Background In 2014, the International Myeloma Working Group (IMWG) revised the diagnostic criteria for multiple myeloma (MM), incorporating biomarkers summarized by the acronym SLiM. Among these, the presence of >1 focal lesion on magnetic resonance imaging (MRI) was designated a myeloma-defining event. The National Comprehensive Cancer Network (NCCN) recommends a whole-body (WB) MRI without contrast to discern smoldering MM (SMM) from MM if a CT or FDG PET/CT is negative. Therefore, the majority of patients with presumed SMM should undergo MRI. Failure to include a screening MRI in the diagnostic workup of SMM could lead to a missed diagnosis of MM, potentially delaying treatment or obscuring the true risk of progression.

Objective To assess the prevalence of whole-body/spine MRI use in the evaluation of patients with SMM and to determine the frequency in which MRI findings lead to reclassification from SMM to active MM.

Methods We conducted a retrospective review of medical records of patients who underwent screening for two IRB approved SMM clinical trials (NCT01572480 and NCT04933539). Patients were referred from outside institutions with a presumed diagnosis of SMM to the NIH Clinical Center between April 2014 and December 2024. First, referral records were reviewed to identify whether an MRI had been performed by the referring physician prior to our institutional clinical assessment. Second, institutional records were reviewed, irrespective of prior radiographic imaging, to identify presumed SMM patients who underwent a whole-spine (SP) or WB MRI at NIH. MRIs were considered positive for active MM if they identified >1 lesions ≥5 mm consistent with the Myeloma Response Assessment and Diagnosis System (MY-RADS) guidelines including having T1 hypointense and STIR hyperintense signal features within detected lesions.

Results Medical records from 134 SMM referrals were reviewed. Most patients (131 patients) had a CT or PET/CT to rule out lytic lesions during their outside workup. Only 22 (16%; 95% CI: 11-23%) had a WS or WB MRI performed prior to referral.

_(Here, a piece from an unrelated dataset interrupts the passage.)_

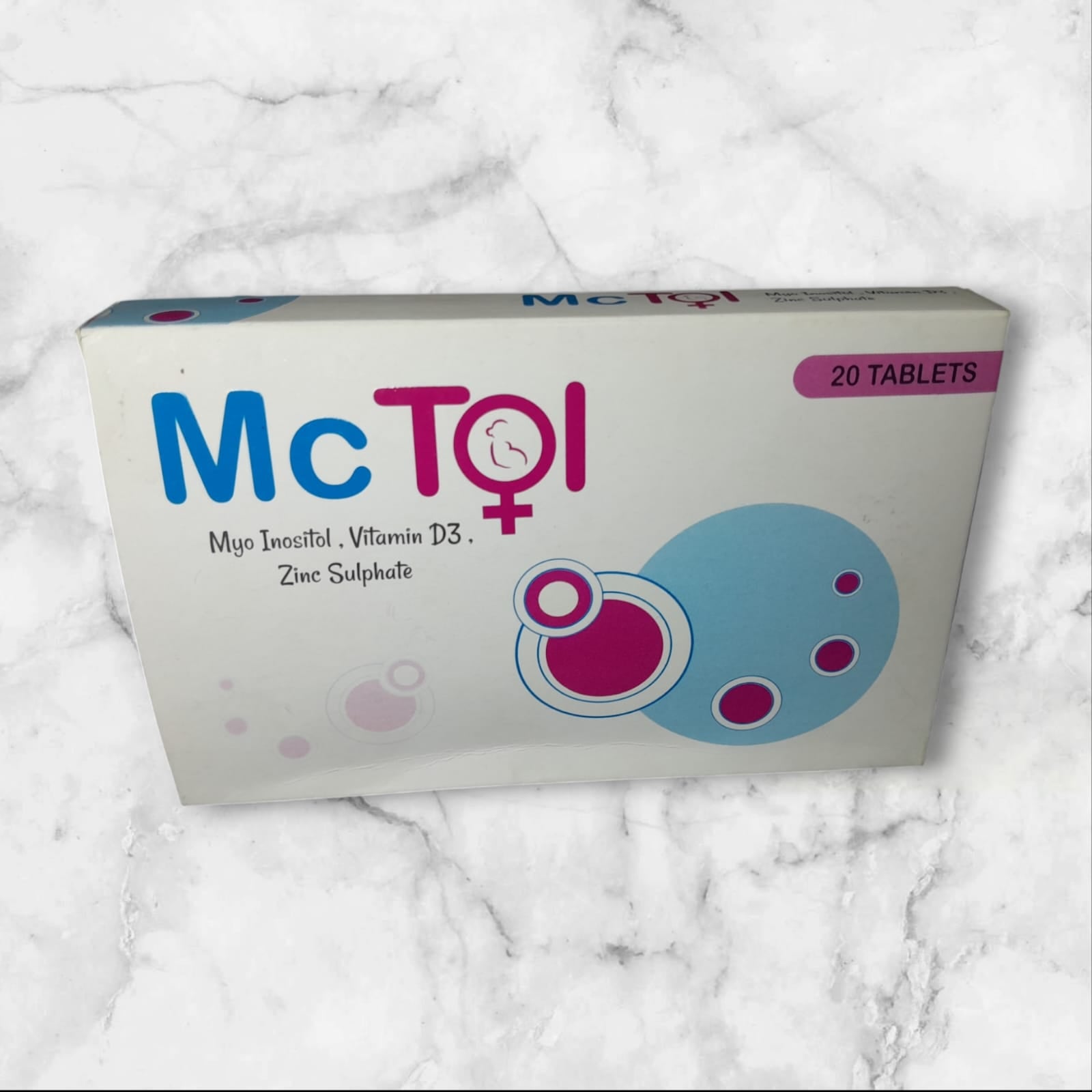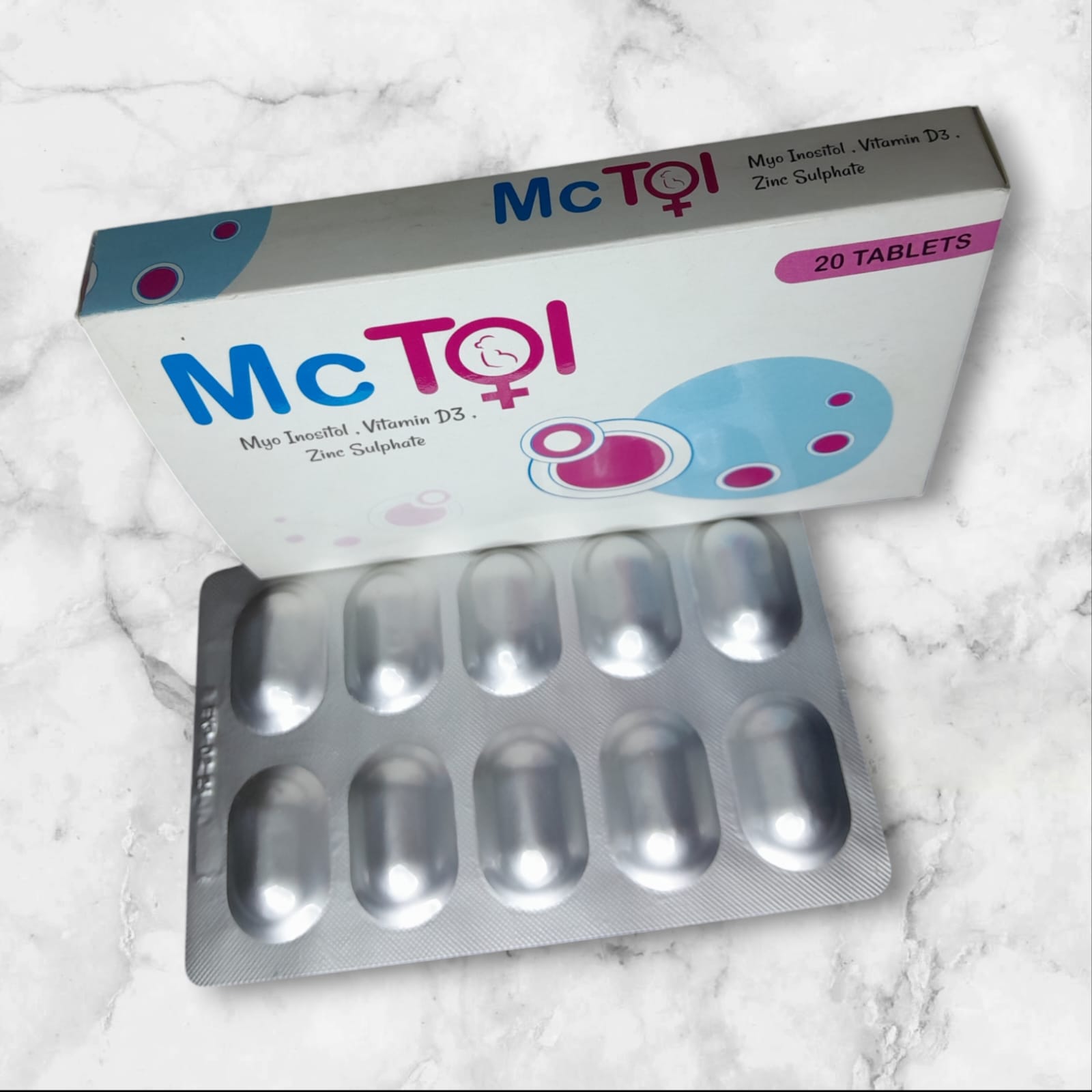 McTol containing Myo Inositol, Vitamin D3, and Zinc Sulphate, designed to support hormonal balance, reproductive health, and overall wellness. They are commonly used in the management of PCOS, to improve insulin sensitivity, enhance fertility, and boost immune function.

Of the SMM patients that had a repeated diagnostic workup at our institution (N=116), 71 completed a WS or WB-MRI. The cohort was composed of 56% male and 44% female patients, with 31% meeting the PETHEMA risk model and 48% meeting the Mayo high-risk model.

MRI identified >1 focal lesion consistent with MM in 9 patients (13%; 95% CI: 6.6–22.6%). In 7 patients (9.9%; 95% CI: 4.6–19.3%), MRI findings were the sole myeloma-defining event prompting reclassification from SMM to active MM. The remaining 2 patients had concurrent findings of ≥60% bone marrow plasma cells, with one also demonstrating lytic lesions on CT. Lesions identified on MRI ranged in size from 0.7 cm to 2.4 cm, with a median size of 0.95 cm. Patients had an average of 3 focal lesions (range 2-4). The presence of focal lesions did not correlate to higher bone marrow plasmacytosis values (3 patients 10-19%, 1 with 20-29%, 1 with 30-39%, 2 with 50-59%, 2 with 60-70%). Before imaging, 7 of the 8 patients met high risk-SMM criteria by IMWG 2020 or PETHEMA risk stratification, while 2 had no high-risk features.

Conclusion This study highlights a potential gap in clinical practice: an underutilization of MRI in the diagnostic work-up of SMM. MRI findings alone led to the reclassification of nearly 10% of patients from SMM to active MM, suggesting that without MRI diagnosis of MM may be missed resulting in delayed treatment and lost opportunities for early intervention. Barriers to routine MRI use may include lack of insurance coverage and clinician hesitancy to initiate treatment based solely on MRI findings, particularly when CRAB features are absent. Nevertheless, MRI's high sensitivity for detecting marrow involvement, focal lesions, and extramedullary disease highlights its crucial role in risk stratification and management, especially in SMM. These findings support broader incorporation of MRI into the routine evaluation of SMM, in accordance with recommendations from both the NCCN and IMWG.